__Exercise__. From the entries below, return only the lines starting at the one that contains "八马茶业 福鼎白茶 白牡丹 高山生态茶 金马罐系列200g(100g*2罐)" and ending at the one that contains "A cartoon picture", exactly as they stand.

-- Recorded information follows --

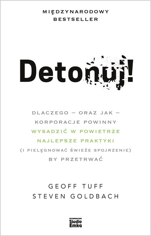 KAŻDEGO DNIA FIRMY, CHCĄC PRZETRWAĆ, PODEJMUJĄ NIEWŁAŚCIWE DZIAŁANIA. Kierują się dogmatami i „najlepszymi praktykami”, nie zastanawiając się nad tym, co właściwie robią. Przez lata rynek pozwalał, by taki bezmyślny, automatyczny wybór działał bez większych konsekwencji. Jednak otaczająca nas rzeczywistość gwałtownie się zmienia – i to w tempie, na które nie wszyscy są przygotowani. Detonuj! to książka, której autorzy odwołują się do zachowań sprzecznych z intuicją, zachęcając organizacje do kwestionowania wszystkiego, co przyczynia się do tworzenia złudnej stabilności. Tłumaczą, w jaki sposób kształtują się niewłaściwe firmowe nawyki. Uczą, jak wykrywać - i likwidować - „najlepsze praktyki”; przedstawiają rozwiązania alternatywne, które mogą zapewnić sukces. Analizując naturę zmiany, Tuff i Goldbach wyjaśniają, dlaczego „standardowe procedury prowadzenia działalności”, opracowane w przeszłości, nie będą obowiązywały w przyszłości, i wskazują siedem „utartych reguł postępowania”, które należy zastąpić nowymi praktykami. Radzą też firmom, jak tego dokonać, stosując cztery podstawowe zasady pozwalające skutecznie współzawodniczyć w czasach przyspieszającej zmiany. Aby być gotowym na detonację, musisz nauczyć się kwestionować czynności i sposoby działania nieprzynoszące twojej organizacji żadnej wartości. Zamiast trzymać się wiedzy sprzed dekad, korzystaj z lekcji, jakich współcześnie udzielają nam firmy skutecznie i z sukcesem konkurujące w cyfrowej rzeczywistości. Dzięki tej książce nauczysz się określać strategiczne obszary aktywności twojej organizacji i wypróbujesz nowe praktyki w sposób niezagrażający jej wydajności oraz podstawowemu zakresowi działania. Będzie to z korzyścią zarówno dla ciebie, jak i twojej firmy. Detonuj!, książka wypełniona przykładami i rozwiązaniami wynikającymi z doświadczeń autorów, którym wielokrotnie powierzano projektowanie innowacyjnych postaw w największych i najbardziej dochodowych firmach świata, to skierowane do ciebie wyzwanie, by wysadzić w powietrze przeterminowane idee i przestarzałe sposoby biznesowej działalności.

-- Recorded information concluded --
-- Recorded information follows --

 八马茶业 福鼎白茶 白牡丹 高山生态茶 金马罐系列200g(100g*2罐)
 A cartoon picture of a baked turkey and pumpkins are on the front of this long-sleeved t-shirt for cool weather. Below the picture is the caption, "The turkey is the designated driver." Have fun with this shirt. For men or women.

-- Recorded information concluded --

__Solution to this problem__.
 八马茶业 福鼎白茶 白牡丹 高山生态茶 金马罐系列200g(100g*2罐)
 A cartoon picture of a baked turkey and pumpkins are on the front of this long-sleeved t-shirt for cool weather. Below the picture is the caption, "The turkey is the designated driver." Have fun with this shirt. For men or women.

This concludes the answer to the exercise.